→ **Work item**: Only the lines from the first line of the entries through the line with "superfood bowl filled" belong in the answer, each restated word for word and without pictures.

→ **Data excerpts**:
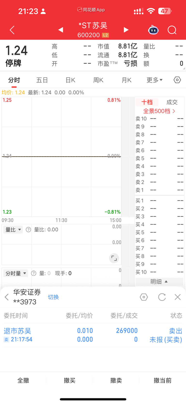$*ST苏吴(SH600200)$ 挂单了,下辈子再也不炒股了
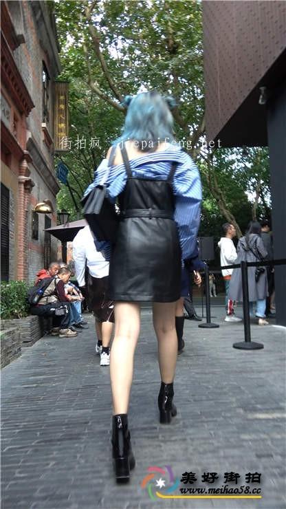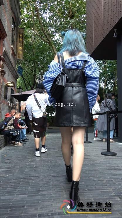 4K-街拍黑色皮短裙白皙长腿高跟美女[MP4/933M]
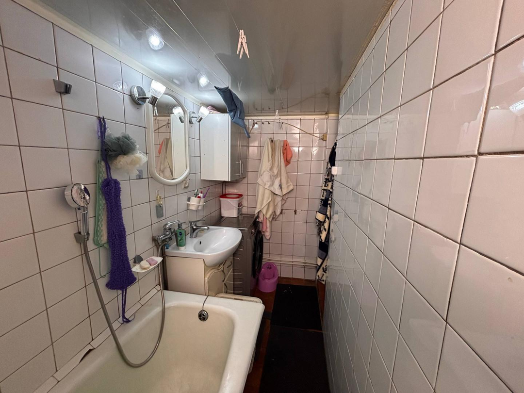 Санузел совмещен,канализация центральная,двухконтурный котел для горячей воды и отопления
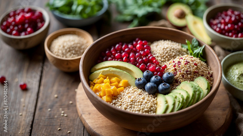 superfood bowl filled with vitamin-enriched ingredients. Include a mix of leafy greens, avocado slices, quinoa, pomegranate seeds, blueberries
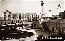 The project chosen was created by Joseph Antoine Bouvard, who planned to build a garden area that would extend from Líbero Badaró to Conselheiro Crispiniano and include the area around the theater. After the landscaping of the area on the slope of Morro do Chá, later named Ramos de Azevedo Square, the site, with curved boulevards and exquisite landscaping, became a form of anteroom for the theater, creating a space that enhanced one of the city's most important artistic spaces.[5]
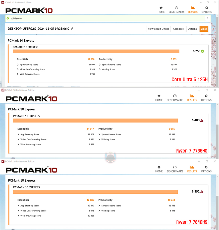 이번엔 내장그래픽 GPU의 성능을 확인해보면, Geekbench 6에서는 F2M의 미니 PC와 라이젠 7840HS 미니 PC의 내장그래픽 성능이 비슷한 결과를 보여줬으며, 3DMark에서는 다이렉트X 11 기반의 Fire Strike 익스트림에선 F2M 즉 아크 내장그래픽스가 라데온 780M 다음으로 좋은 성능을 보였으며, 다이렉트X 12 기반에서는 아크 내장그래픽스가 가장 좋은 성능을 보여줬습니다. 또한, 전체 시스템 성능으로도 비교했을 때, PCMark 10이나 PassMark PerformanceTest에서도 F2M 미니 PC가 라이젠 7840HS 미니 PC 다음으로 좋은 성능을 보여줬습니다. 그래서, 전체적인 성능으로 보면 F2M 미니 PC에 탑재된 인텔 코어 울트라 5 125H CPU는 AMD에서 첫 내장그래픽 성능을 올리기 시작한 라이젠 7735HS보다는 앞서고, 이후 2 세대라할 수 있는 라이젠 7840HS보다는 아래 거나 프로그램 환경에 따라서 비슷한 성능을 일부 보여줍니다.
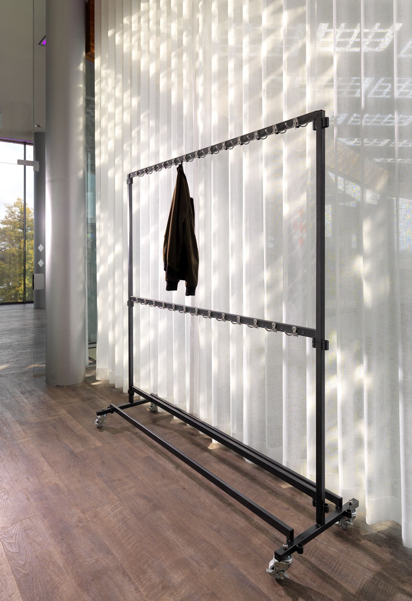 Deze garderobe is met zijn 104 haakjes ideaal om een grote hoeveelheid jassen op een gestructureerde, efficiënte en nette manier op te hangen. De wielen maken de garderobe makkelijk verrijdbaar en dankzij de rem op de wielen is de garderobe ook makkelijk vast te zetten. De koppelpunten maken het mogelijk om de garderobe te koppelen met andere garderobes. Op deze manier kunnen ruimtes snel en efficiënt ingericht worden. De garderobe is verkrijgbaar in verschillende afmetingen, demontabel en gemakkelijk te vervoeren op de bijbehorende trolleys.

→ **Finished task**:
$*ST苏吴(SH600200)$ 挂单了,下辈子再也不炒股了
 4K-街拍黑色皮短裙白皙长腿高跟美女[MP4/933M]
 Санузел совмещен,канализация центральная,двухконтурный котел для горячей воды и отопления
 superfood bowl filled with vitamin-enriched ingredients. Include a mix of leafy greens, avocado slices, quinoa, pomegranate seeds, blueberries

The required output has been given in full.